Building on earlier work, where the team at the NYU School of Medicine demonstrated that direct RNA sequencing using nanopore technology enables the identification of splicing patterns, transcription initiation, and polyadenylation in cells infected with dsDNA viruses (including herpesviruses and adenoviruses), the team have now applied the benefits of direct RNA sequencing to characterise m6A modifications at nucleotide resolution. Critically, they were also able to distinguish between overlapping RNA isoforms that are differentially m6A modified.
The team utilised adenovirus as a model for RNA synthesis. Adenovirus infection is divided into two phases, ‘early’ and ‘late’. During the ‘early’ phase cellular replication factors are induced that initiate viral genome replication, host antiviral responses are subverted, and host cellular processes are rewired towards late protein production. In the ‘late’ phase, late promoters are activated, resulting in the production of late proteins, alternative splicing, and the assembly of new virions. Dan stated that it is imperative that you have a really good viral genome annotation before looking for modifications. To this end, the first part of the project involved using direct RNA sequencing to update their annotation of adenovirus, which increased the number of transcriptional units from approximately 20 to over 75.

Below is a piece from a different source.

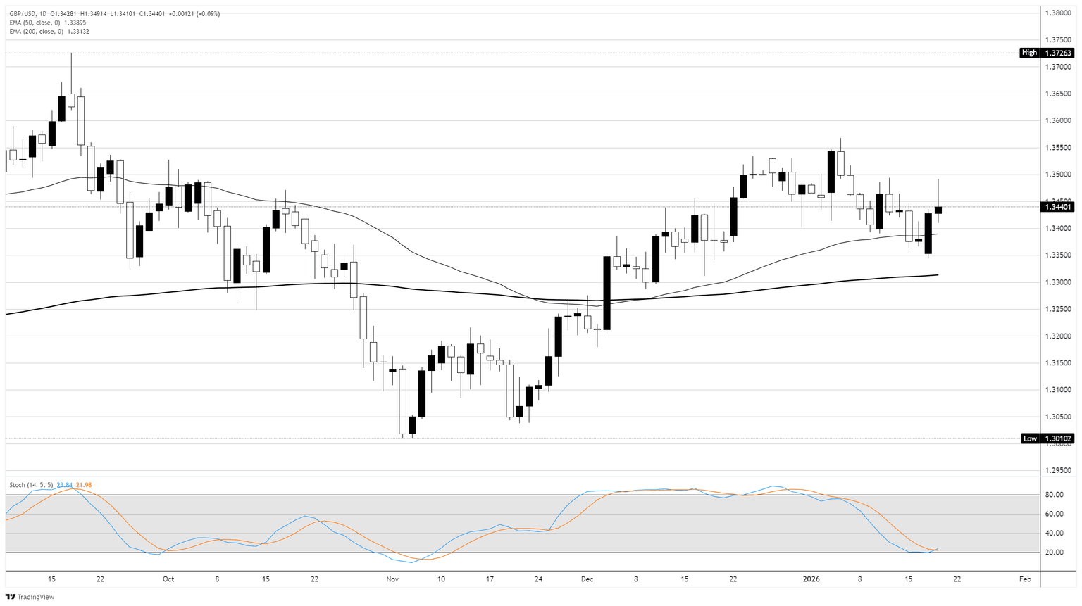 GBP/USD has shown a modest upward bias this week, largely driven by broad-based US dollar weakness rather than strong UK fundamentals. The pair has rebounded from recent lows as geopolitical risk and tariff concerns undermined confidence in the greenback, allowing Sterling to advance even as UK macro data disappointed.

Dan showed western blotting and cell staining data indicating that during an adenovirus infection of the cell the m6A machinery is recruited to sites of viral RNA synthesis.
Using the short-read sequencing meRIP approach, which utilises m6A-specific antibodies to pull-down regions enriched for m6A, the team were able to identify modifications within a specific region of RNA but not at nucleotide resolution. Dan stated that the meRIP approach is “nice, but not perfect” as it is sensitive, but not specific. As such, it is not compatible with transcript-level analysis, which is key to understanding the function of m6A modifications.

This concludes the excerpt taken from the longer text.